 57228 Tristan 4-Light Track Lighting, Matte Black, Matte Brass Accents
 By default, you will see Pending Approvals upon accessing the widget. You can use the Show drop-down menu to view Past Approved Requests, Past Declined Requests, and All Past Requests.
==
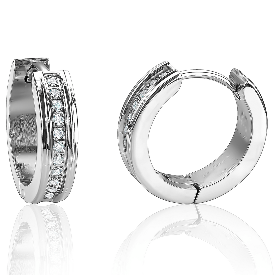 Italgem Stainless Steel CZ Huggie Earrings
==
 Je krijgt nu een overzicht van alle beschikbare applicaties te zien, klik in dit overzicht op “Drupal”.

TASK REQUIREMENTS >>
Reproducing the whole listing above is not the task. Copy exactly only the lines from the one with "57228 Tristan 4-Light" to the one with "By default, you", both kept.

RESPONSE >>
 57228 Tristan 4-Light Track Lighting, Matte Black, Matte Brass Accents
 By default, you will see Pending Approvals upon accessing the widget. You can use the Show drop-down menu to view Past Approved Requests, Past Declined Requests, and All Past Requests.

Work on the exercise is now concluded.